The temptation to turn Mr Knightley into a conventional romantic lead is hard to resist, but adapters who succumb fatally diminish the book's moral force.
Criticising the current BBC series feels like clubbing an invalid who is recovering from assault and battery. BBC documentaries remain as shallow as they have been for years, but the drama department is showing encouraging signs of emerging from the asinine populism Greg Dyke inflicted on the corporation. Before I go any further, I must therefore say in kindness that Emma is well made and beautifully acted. Romola Garai's eyes widen with delight as her mind hits on a matchmaking project. Jonny Lee Miller (Mr Knightley) gives a star-quality performance. And any supporting cast that includes Michael Gambon will always be worth watching. And yet, the best actors in the world could not save this production. Kate Harwood, controller of BBC serials, announced that she did not want "stuffy period characters" but a fresh, modern Austen. "The casting of Romola and Jonny is an absolute joy," she purred, because of the "tremendous chemistry" between them.
Indeed there is. So much chemistry, in fact, I was surprised they did not spontaneously combust. In an opening scene, Mr Knightley upbraids Emma, and she turns to face him with a glittering come-hither smile on her face. By the end of the second, she is showing visible signs of jealousy at the thought he may be in love with someone else.

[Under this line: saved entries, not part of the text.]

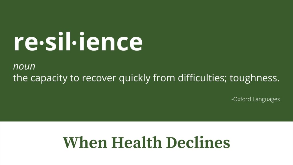 The good news is that, ever since the dawn of time, God’s people have endured hard times with resilience. So we are going to look at examples in the Bible of God’s people displaying resilience so that we can learn from them. And then we are going to look at passages in the Bible that show us how Jesus is our ultimate source of resilience. My hope and my prayer is that, by the end of this series, you will be confident that Jesus will help you to face whatever this world may throw at you. Today we are thinking about how we can have resilience when health declines.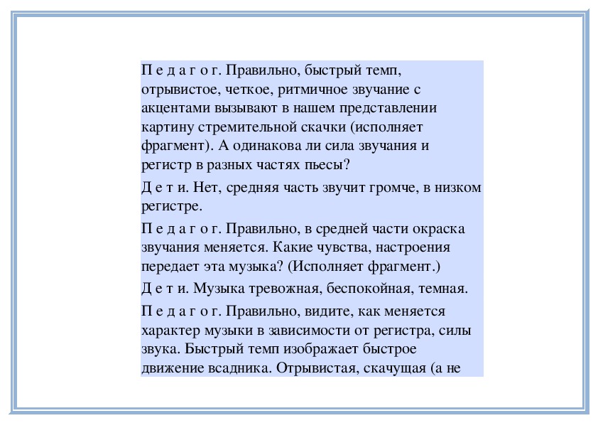 П е д а г о г. Правильно. Наверное, всадник скачет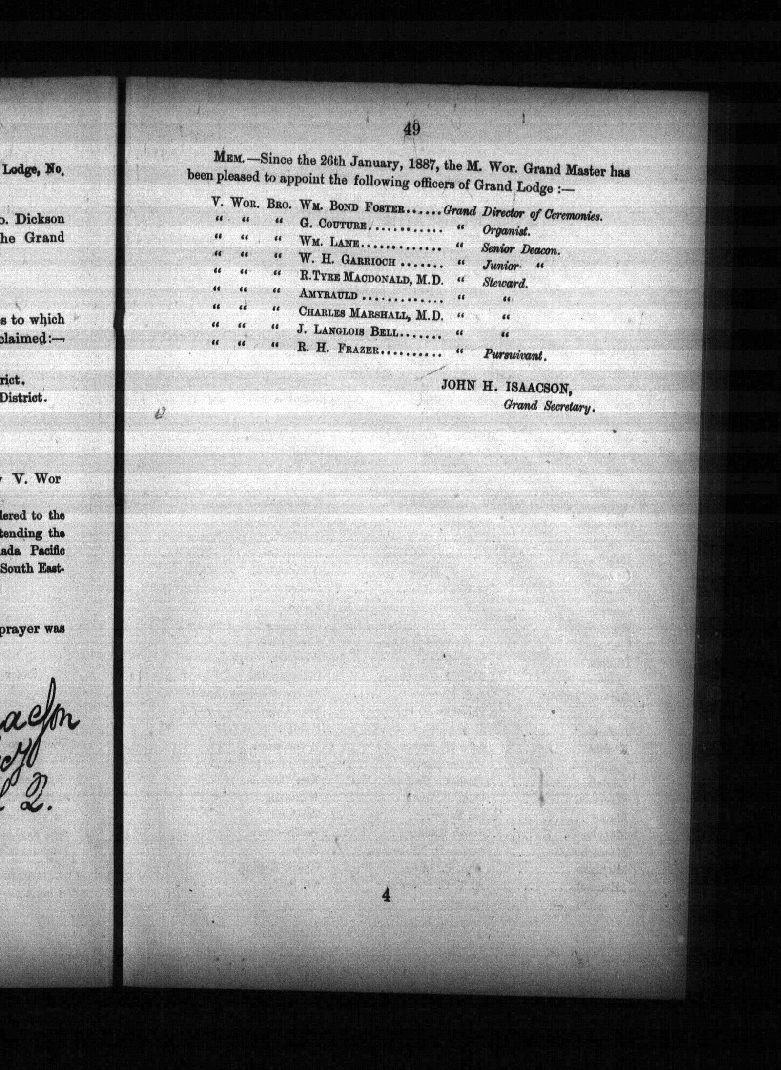 [Montréal?] : [Grand Lodge of Quebec, Ancient Free and Accepted Masons], 1887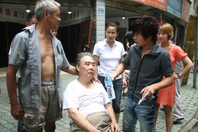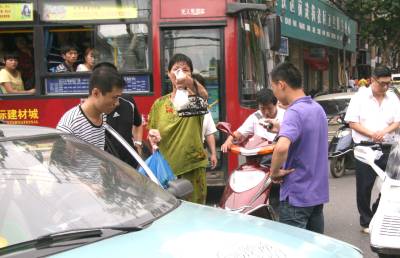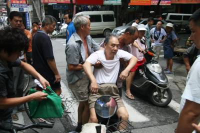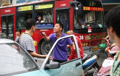 17日上午11时许,在汉口前进一路与民主一街交汇处,一辆的士与一电动车发生轻微擦碰,两车均未受损。骑电动车的男子下来后拉开的士车门,欲行抖狠(见图一)。一太婆见状便劝骑车男子,但其仍执意打手机邀人助阵。太婆无奈,见笔者正在拍照,便陡生一计,指着笔者大声道:”你看人家把你拍下来了!”(见图二)。骑车男子这才悻悻离去。11时30分,81岁的乔爹爹骑自行车在民意一路与一电动车轻微擦碰,乔爹爹慢慢地倒了下去。路人见状立即将乔爹爹搀扶起来(见图三),并找来椅子让其休息。骑电动车的肇事男青年赶忙去买来矿泉水,送给乔爹爹喝(见图四),并随后将乔爹爹送到医院做检查。张垠摄江汉区园林局43002213971281317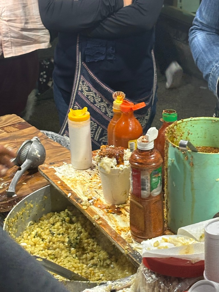 Next stop was street food of Mexican corn cup. As an Iowan, I fucking love corn but at this point I was full to the point of past stuffed (hence why pizza was a bad idea so now you know). JD and I shared one and didn’t even finish regardless of how great it was. Fun fact, we didn’t throw the food away. Instead our guide said that if you leave it on top of the trash, homeless folks will come and get the food and it wasn’t contaminated by other trash. I love this fact.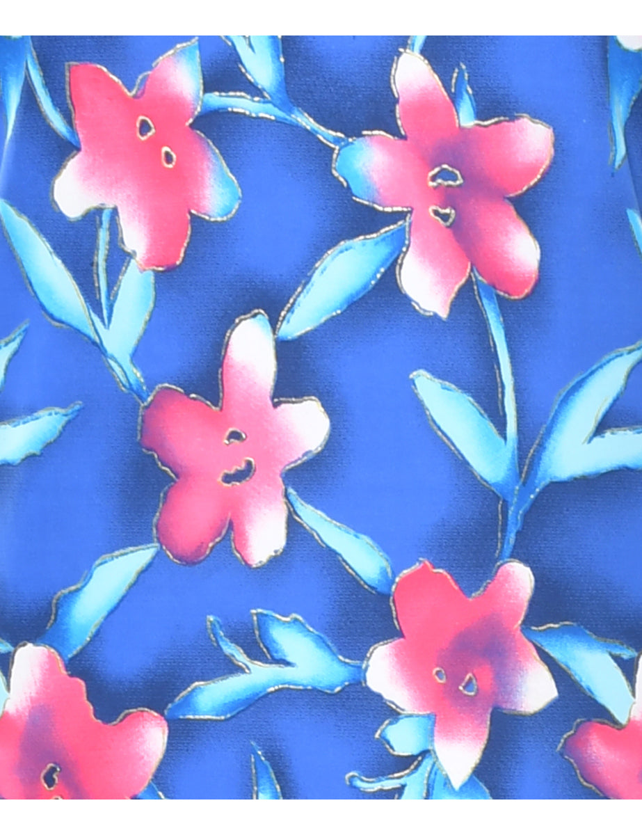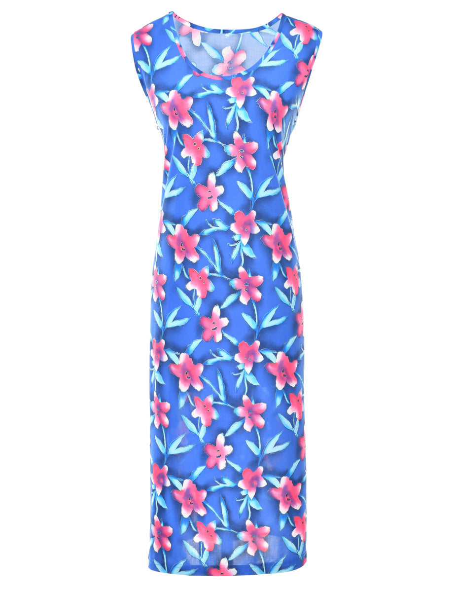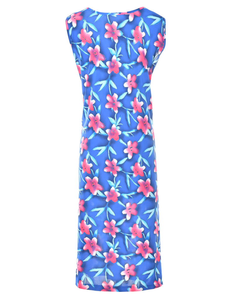 Floral print sleeveless dress. Comes in blue with a round neck.

The viewer cannot blame her because Jonny Lee Miller does not look almost twice her age or even five years older than she. He is just as attractive as the dangerously seductive Frank Churchill whom Austen dangles
before Emma — and much, much richer. Far from being the culmination of a search for self-knowledge, Emma and Knightley's marriage feels inevitable from the start — two young, beautiful moneyed people shack up, what could be more natural? The BBC may be pleasing modern tastes, but by removing the stuffy period characters and promoting sexual chemistry, Harwood has not produced a fresh adaptation, but a lifeless drama, with the tension drained out of it.

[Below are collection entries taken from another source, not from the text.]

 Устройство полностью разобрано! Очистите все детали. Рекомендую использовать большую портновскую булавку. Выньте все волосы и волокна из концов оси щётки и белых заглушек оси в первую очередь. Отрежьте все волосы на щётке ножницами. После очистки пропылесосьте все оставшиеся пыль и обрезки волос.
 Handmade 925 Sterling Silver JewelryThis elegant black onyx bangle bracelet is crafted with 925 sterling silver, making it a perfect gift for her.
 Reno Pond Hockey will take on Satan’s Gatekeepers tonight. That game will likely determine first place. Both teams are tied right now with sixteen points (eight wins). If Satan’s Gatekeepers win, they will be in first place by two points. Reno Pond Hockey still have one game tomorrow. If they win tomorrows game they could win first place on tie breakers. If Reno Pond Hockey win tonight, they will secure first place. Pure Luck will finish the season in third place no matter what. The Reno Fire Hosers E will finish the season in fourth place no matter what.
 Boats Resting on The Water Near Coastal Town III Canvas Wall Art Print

Before he died, Dennis Potter told how delighted he was when Hollywood bought his Pennies from Heaven. The producers flew him to a luxurious apartment and asked him to write a new screenplay. They took it from him and said they needed a rewrite. Potter complained, so they gave him more money. The rewritten script was rewritten again and again, and every time the producers gave Potter more money. They then tested the finished film with trial audiences who did not like it, so the producers cut it before general release. By the end, Potter was considerably wealthier, but the Hollywood version of Pennies from Heaven bore no relation to his story.
Potter was baffled. Why had the studio bosses bought his drama in the first place if they did not want it? The same question haunts the latest Emma. If the BBC thinks Austen too stuffy, why bother to adapt her charming but surprisingly tough novel?